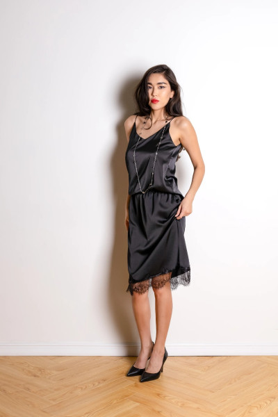 Стильная и универсальная юбка-комбинация с кружевной отделкой по низу — идеальный вариант как для повседневных образов, так и для вечерних выходов. Данная длина позволяет собрать образ под ваш стиль и настроение.
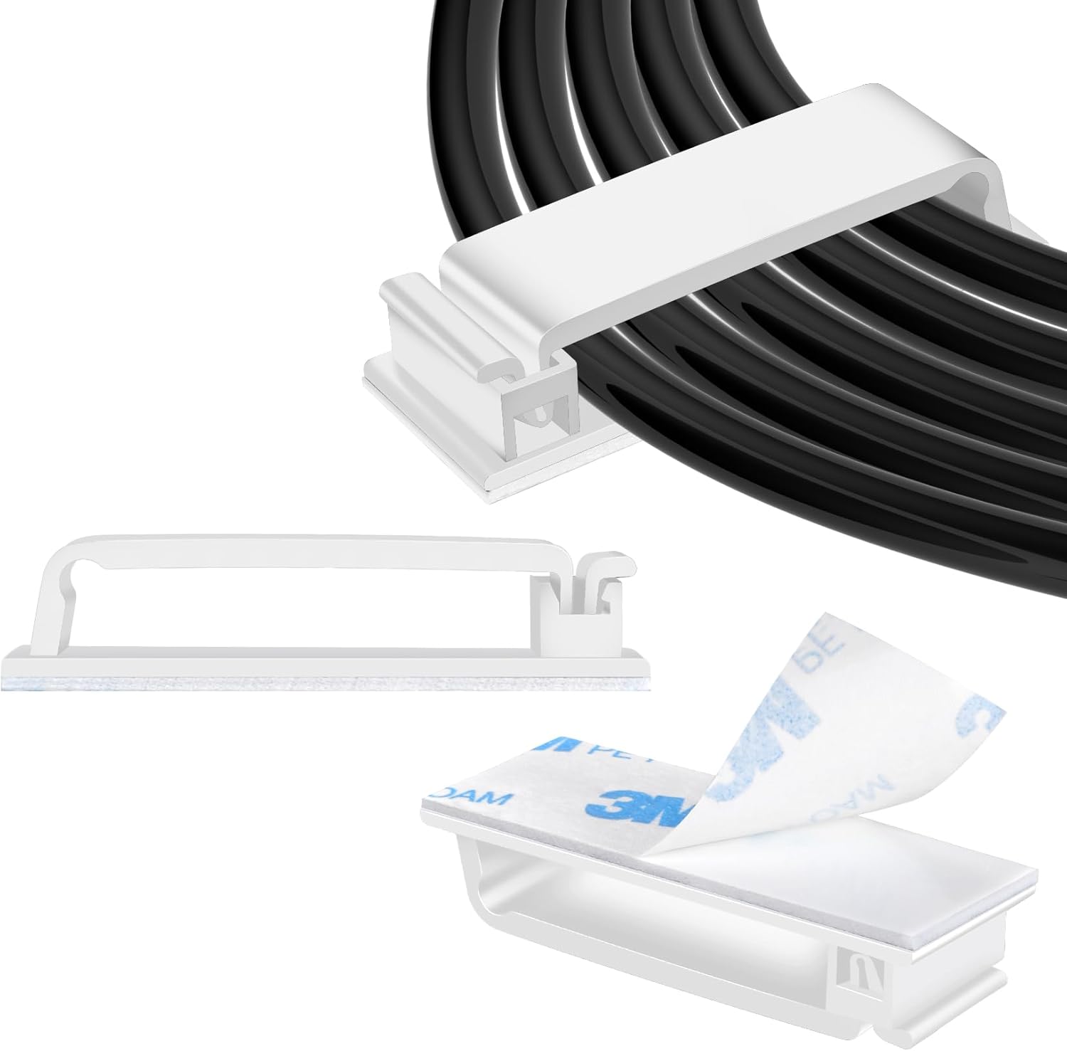 XHF 40 PCS Self Adhesive Cable Clips(XL) White,Wire Clips Cable Management Wire Organizer Cord Holder for Under Desk, Car, Wall, TV PC Ethernet Cable
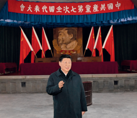 2022年10月27日,中共中央總書記、國(guó)家主席、中央軍委主席習(xí)近平帶領(lǐng)中共中央政治局常委李強(qiáng)、趙樂際、王滬寧、蔡奇、丁薛祥、李希,瞻仰延安革命紀(jì)念地。這是習(xí)近平在楊家?guī)X瞻仰中共七大會(huì)址。新華社記者燕雁/攝
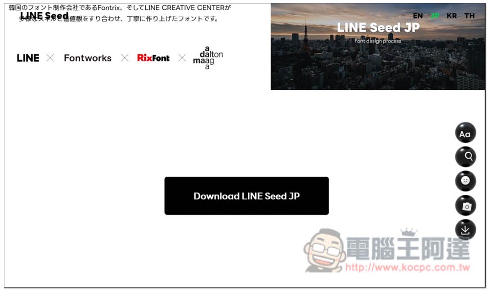 下載方式也很簡單,滑到頁面最下方後,就能看到 Download LINE Seed JP/KR/TH/EN 的下載按鈕,下圖是日文字體,因此顯示 Download LINE Seed JP:
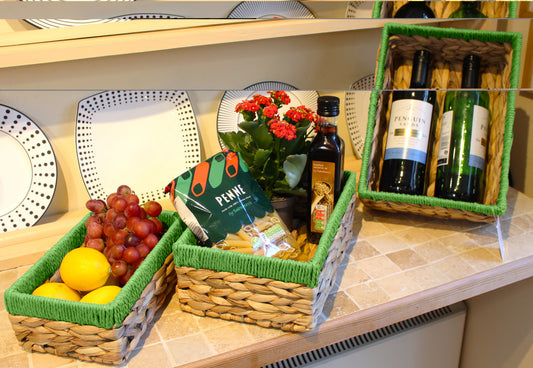 Small water hyacinth rectangular baskets with green edges.
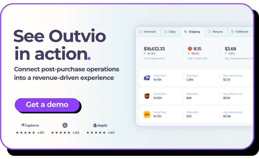 - Outvio manages the full logistics flow in eCommerce. It’s the only tool combining tracking, returns, helpdesk, and upsells in one branded system
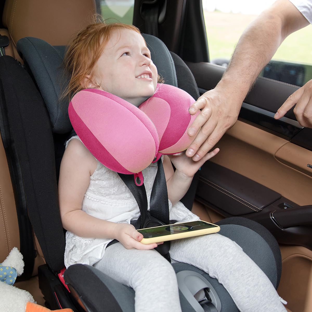 ネックピロー 子供用 旅行枕 首枕 キッズ 頭全体サポート トラベルピロー U型枕 通気性よい 携帯枕 飛行機 車 自宅 バス オフィス 旅行用 まくら(ピンク))
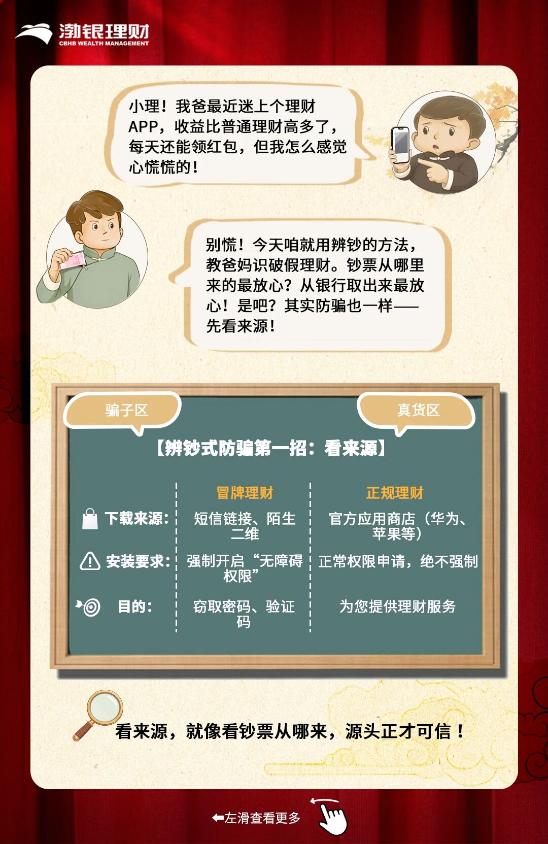 清朗金融网络 守护安心消费丨渤银理财:给爸妈的养老防骗指南,牢记这三招“辨钞式”心法
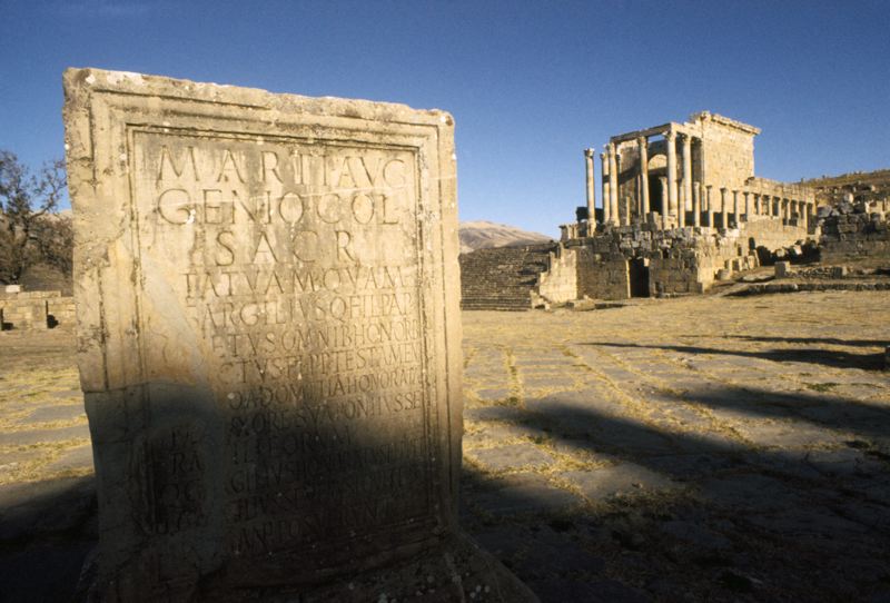 Djemila (Cuicul) romersk ruinstad med bl.a. Septimius Severus tempel som syns på bilden, finns sedan 1982 på UNESCO:s världsarvslista.
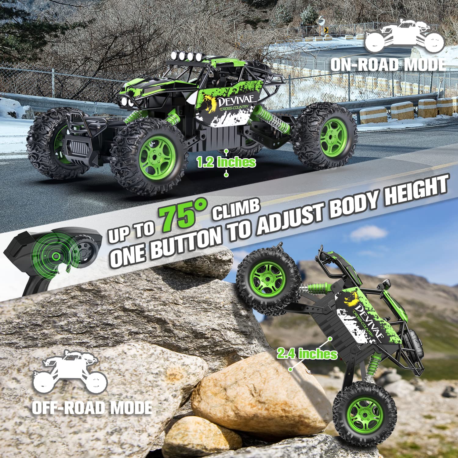 - 2 Driving Modes for All terrains: The large rc car for boys is equipped with a lifting device for 2 driving modes, Off-Road Mode with 75° for passing rock, stone and mud terrain, and On-Road Mode for grass, sand roads, different fun & driving experiences
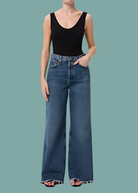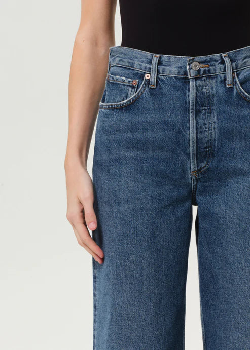 The Dame Jean is designed to flatter, featuring a waist-accentuating high rise, a relaxed fit through the hips, and a statement wide leg. Crafted from 100% regenerative cotton in a medium indigo wash with fading and whiskering, it offers a perfectly broken-in feel. Style it with a sleek tee or ribbed knit for an effortless, everyday look.
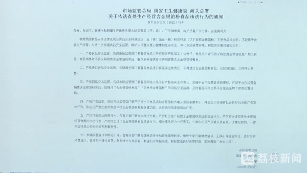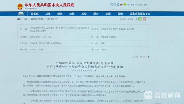 市场监管总局、国家卫健委、海关总署联合发布的《关于依法查处生产经营含金银箔粉食品违法行为的通知》指出:"金箔类物质不是食品添加剂,不能用于食品生产经营","食品生产者不得采购使用金银箔粉生产加工食品,食品销售者不得采购销售含金银箔粉食品,餐饮服务提供者不得制作售卖含金银箔粉餐食。""相关违法行为一经查实,一律依法从严从重从快查处;涉嫌犯罪的,一律依法移送公安机关追究刑事责任。"
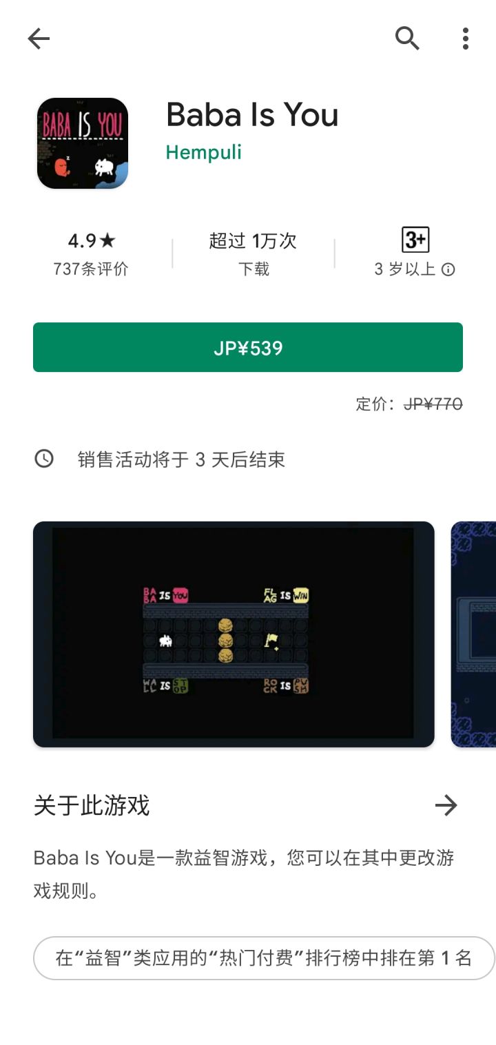 作为我心中2019年排得上号的独立游戏「BABA IS YOU」登陆手游啦,手游不仅延续了pc版所有的关卡,还对触屏进行了游戏优化,操作苦手们有福啦!虽然第一时间在各个应用平台进行搜索(原谅我祖传安卓机)暂未找到下载源,但希望iOS的小伙伴可以赶紧下一个抢先体验一下! 话说,现在的各个pc游戏都在陆续手游化,你心中最期待哪款游戏手游化呢?
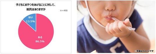 一方で、子どもにおやつをあげることに抵抗があると答えた親は86.5%と多く、「虫歯になりそう(54.7%)」、「その後の食事が食べられなくなる(43.9%)」、「おやつしか食べなくなる(39.9%)」といった抵抗感を持つ親が多いことが明らかになりました。また、「栄養バランスが偏る(32.8%)」や「健康に悪そう(30.4%)」などの、健康面を不安視する声も。おやつは日常的にあげているものの、親として懸念することは多いようです。
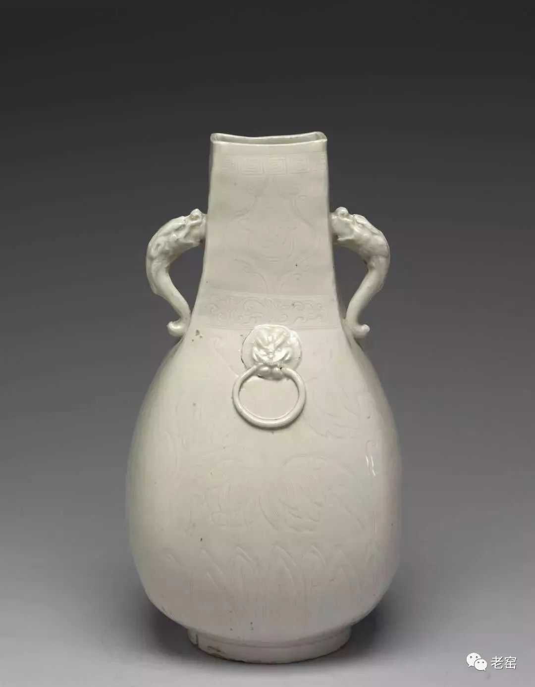 北宋定窑白瓷铺首龙耳方壶
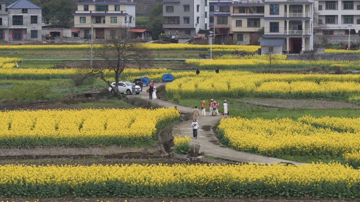 游客在贺州市富川瑶族自治县的油菜花田里赏花。富川瑶族自治县文体广电和旅游局供图 放眼广西,油菜花并不鲜见。富川的油菜花,如何从农业庄稼,变成吸引游客的风景?答案,藏在科学的种植规划里。 富川瑶族自治县文体广电和旅游局局长林忠介绍,近两年,富川盘活冬闲田,在全县12个乡镇系统规划油菜种植3.6万亩,精心打造东西南北4条各具特色的观赏线路,将村落、景点与生态资源串珠成链,达到主干道沿线皆景、重点区域连片可赏的效果,不断扩大“春天到富川看油花”的品牌影响力。 光有花海还不够,富川更着力丰富“赏花+”产品,培育民宿、餐饮、文创等业态。游客来后,不仅能赏花,还能品尝瑶乡特色风味,参与到古道探秘、汉服旅拍、非遗学习、农耕实践、研学体验等互动当中。 富川赏花季接力春节假期,持续引爆客流。今年一季度,富川预计接待游客219.88万人次,同比增长14.62%;旅游总消费23.01亿元,同比增长14.94%。除周边客源外,省外游客多了,旅游团、亲子团、研学团来了,停留时间从一两小时,拉长到半天、一天,过夜游客占比明显增加。 “赏花季以来,我家店日均收入4000元左右,最高一天超1.3万元。”朝东镇岔山村花姐油茶店的卢雪花一边忙活一边说,语气里藏着喜悦。 这份喜悦,不仅属于经营户,也惠及种植户。4月中下旬,鲜花谢后,油菜籽收割、榨油创收;秸秆还田、肥土,为来年水稻增产蓄力,真正实现了生态效益与经济效益的双赢。 自治区文化和旅游厅有关负责人表示,下一步,广西将立足各地花卉资源特色,统筹优化赏花旅游线路布局,积极发展“赏花+农事”“赏花+民俗”“赏花+美食”“赏花+康养”等融合业态,不断完善乡村旅游配套服务,持续延伸文旅消费链条,推动赏花经济从单一花期观光向全季、全域、全产业链发展。
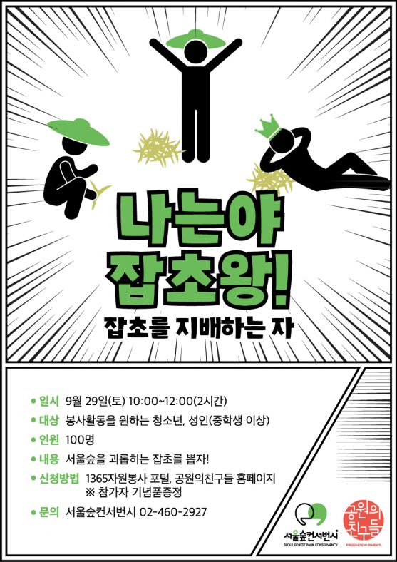 [공원의친구들] 나는야 잡초왕자원봉사By 자원봉사협력팀2018년 08월 23일Leave a comment[공원의 친구들] 나는야 잡초왕👑 서울숲공원에서 잡초를 지배할 자! 누구인가?👸🤴 서울숲공원의 잡초를 지배하기 위하여 내가…
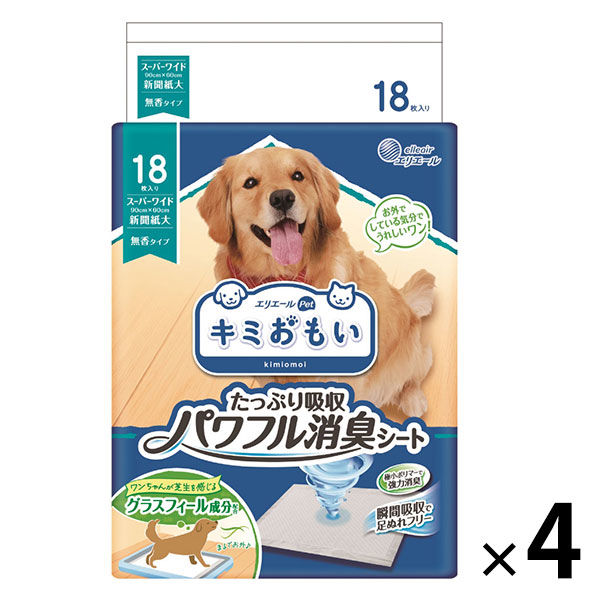 エリエール キミおもい パワフル消臭シート スーパーワイド 無香タイプ 18枚入 1セット(1袋×4)大王製紙
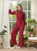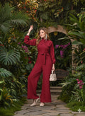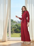 Sleek Italia Maroon Mandarin Collar Long Sleeves Waist Tie-Ups Basic Jumpsuit
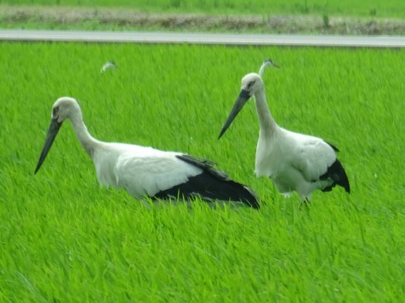 近年は繁殖時に地域内で巣作りをするペアも見られましたが、電柱や鉄塔での営巣のため撤去されたり、うまくペアが成立しなかったりなどで繁殖に至りませんでした。また、古くから自然豊かな農業地域ですが、農作物の栽培農法の変化に伴い、コウノトリのエサとなるカエルやドジョウなどの水生動物が減少傾向にあります。
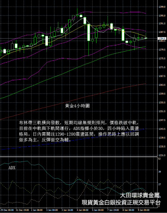 從現貨黃金4小時圖看,布林帶三軌橫向發散,短期均線無規則排列,價格跌破中軌,目前在中軌與下軌間運行,ADX指標小於30,四小時陷入震盪格局。日內需關注1290-1280震盪區間,操作思路上應以回檔做多為主,反彈做空為輔。
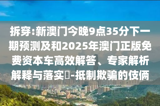 拆穿:新澳門今晚9點35分下一期預測及和2025年澳門正版免費資本車高效解答、專家解析解釋與落實?-抵制欺騙的伎倆
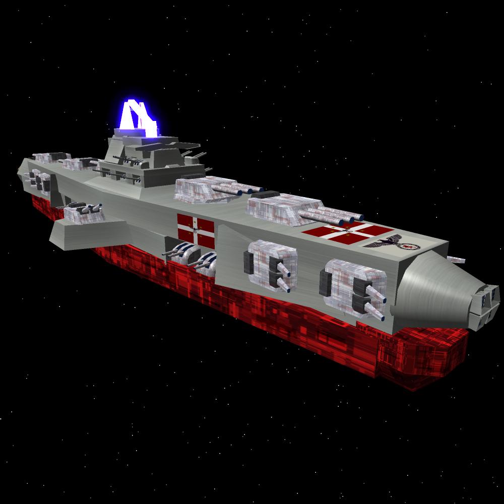 OR the ship rotates round its axis of movement. The main engines are mounted on the 'hub' of the ship as are your forward firing main weapons. Simplifies some of the problems certainly, if not solving all of them.
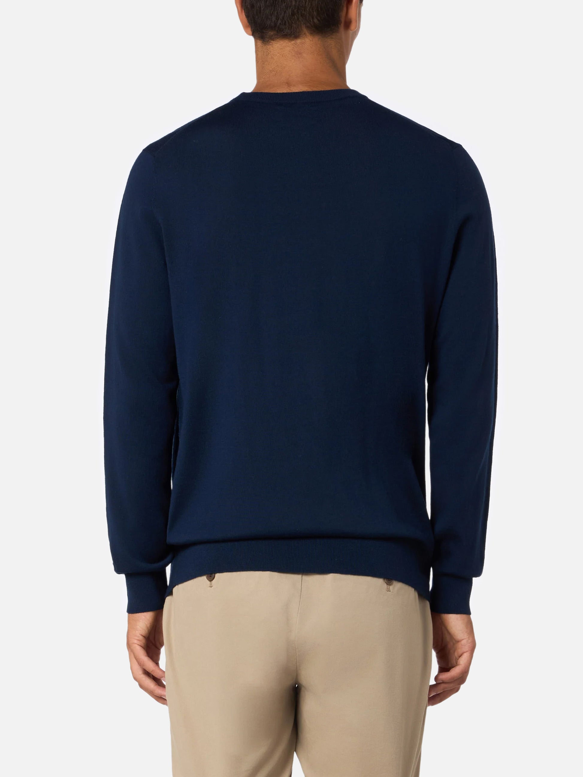 Blauer, marineblauer Pullover aus Merinowolle von Regent für Herren
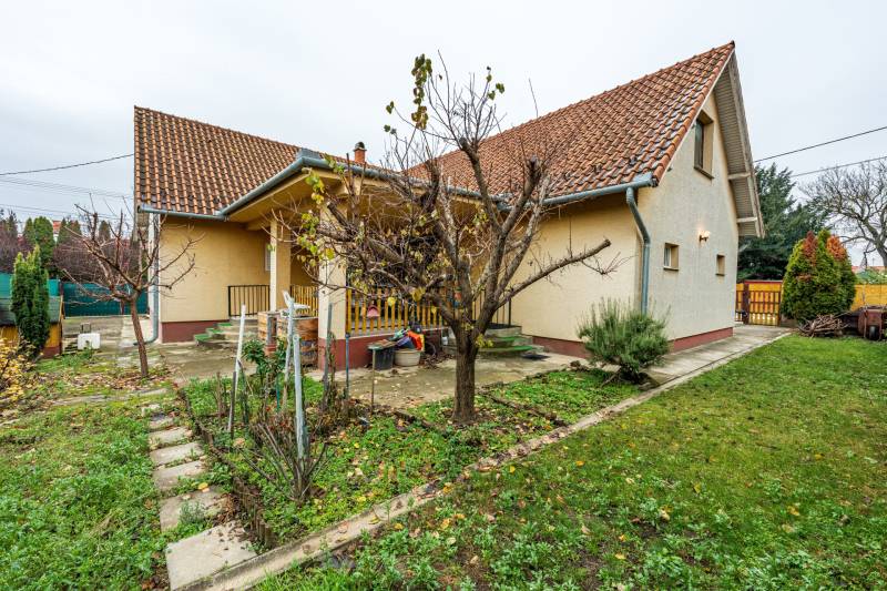 Az ingatlan egy 568 m²-es saroktelken, csendes, rendezett utcában helyezkedik el, kiváló minőségű, teljesen kiépített aszfaltos úthálózaton. A ház 1996-ban épült, jól átgondolt alaprajzzal, praktikus térkapcsolatokkal. A telek két utcafronti bejárattal rendelkezik, egyik oldalon a 23 m²-es garázzsal, ahonnan közvetlen átjárás nyílik a lakótérbe – ez különösen kényelmes a mindennapokban.A főbejáraton belépve egy tágas, világos nappali fogadja, mely a terasz irányába megnyitható, így kellemes átmenet teremthető a beltér és a kert között. A nappalihoz kapcsolódik a külön étkező, amelyből a konyha és a spájz is megközelíthető.Az ingatlanban három hálószoba, egy dolgozószoba, valamint két fürdőszoba WC-vel biztosítja a kényelmes mindennapokat. Külön kazánhelyiség, gardrób vagy dolgozószoba, előtér és egyéb kiszolgáló terek egészítik ki a lakóteret. A fűtést gázcirkó látja el padlófűtéssel és radiátorokkal, melyet egy hűtő-fűtő klíma segít a költséghatékony és komfortos hőmérséklet érdekében.A ház tetőtere beépíthető (~70 nm hasznos alapterülettel). Igény szerint akár külön lakrész, akár iroda vagy üzleti célú terület is kialakítható. A kert gondozott, körben füvesített és növényekkel beültetett, gyümölcsfákkal és örökzöldekkel, melyek természetes privát szférát biztosítanak. Lehetőséget ad gyermek játszóterének, medencének és grillezésnek egyarántHelyiséglista:- Szoba: 10,2 m²- Szoba: 13 m²- Szoba: 19,31 m²- Dolgozószoba: 10,51 m²- Nappali: 29,8 m²- Étkező: 16,6 m²- Konyha: 6,4 m² -Kamra: 2,25 m² -Fürdő+WC: 3,3 m² -Fürdő+WC: 5,7 m²- Egyéb helyiség: 3,6 m²- Előszoba: 5,6 m² -Garázs: 20,8 m² - Terasz: 15 m² Lokáció és életstílusA Tusculanum Érd egyik legkedveltebb, családias és rendezett városrésze, ahol minden fontos szolgáltatás karnyújtásnyira található:* bölcsőde, óvoda, iskola, buszmegálló* orvosi rendelő, kis közért Érd központja* szakorvosi rendelő, bankok, bevásárlóközpontok* vasútállomás * M0, M7 autópálya Miért érdemes Érdre költözni?Érd Budapest agglomerációjában dinamikusan fejlődő, mégis nyugodt, kertvárosias környezetet kínál, ahol a természet közelsége és a városi kényelem kéz a kézben jár. A városban kiváló intézmények, széleskörű szolgáltatások, modern bevásárlóközpontok, sport- és rekreációs lehetőségek találhatók, miközben megmarad a családias, rendezett hangulat. Budapest autóval és tömegközlekedéssel is gyorsan elérhető, így a fővárosi munkahelyek könnyen megközelíthetők, miközben a hazaérkezés már egy nyugodtabb, élhetőbb közegbe történik.Az ingatlan hitelre alkalmas, így akár finanszírozással is könnyedén megvásárolható. Igény esetén teljes körű ügyintézésben és hiteltanácsadásban is készséggel segítek, hogy a vásárlás folyamata gördülékeny legyen.Érd, családi ház, eladó ház, kertes ház,
········
• **Task objective**:
Reproduce the listing above only between the lines holding "市场监管总局、国家卫健委、海" and "北宋定窑白瓷铺首龙耳方壶", inclusive. Every line must match exactly, and pictures are dropped.

• **Answer section**:
 市场监管总局、国家卫健委、海关总署联合发布的《关于依法查处生产经营含金银箔粉食品违法行为的通知》指出:"金箔类物质不是食品添加剂,不能用于食品生产经营","食品生产者不得采购使用金银箔粉生产加工食品,食品销售者不得采购销售含金银箔粉食品,餐饮服务提供者不得制作售卖含金银箔粉餐食。""相关违法行为一经查实,一律依法从严从重从快查处;涉嫌犯罪的,一律依法移送公安机关追究刑事责任。"
 作为我心中2019年排得上号的独立游戏「BABA IS YOU」登陆手游啦,手游不仅延续了pc版所有的关卡,还对触屏进行了游戏优化,操作苦手们有福啦!虽然第一时间在各个应用平台进行搜索(原谅我祖传安卓机)暂未找到下载源,但希望iOS的小伙伴可以赶紧下一个抢先体验一下! 话说,现在的各个pc游戏都在陆续手游化,你心中最期待哪款游戏手游化呢?
 一方で、子どもにおやつをあげることに抵抗があると答えた親は86.5%と多く、「虫歯になりそう(54.7%)」、「その後の食事が食べられなくなる(43.9%)」、「おやつしか食べなくなる(39.9%)」といった抵抗感を持つ親が多いことが明らかになりました。また、「栄養バランスが偏る(32.8%)」や「健康に悪そう(30.4%)」などの、健康面を不安視する声も。おやつは日常的にあげているものの、親として懸念することは多いようです。
 北宋定窑白瓷铺首龙耳方壶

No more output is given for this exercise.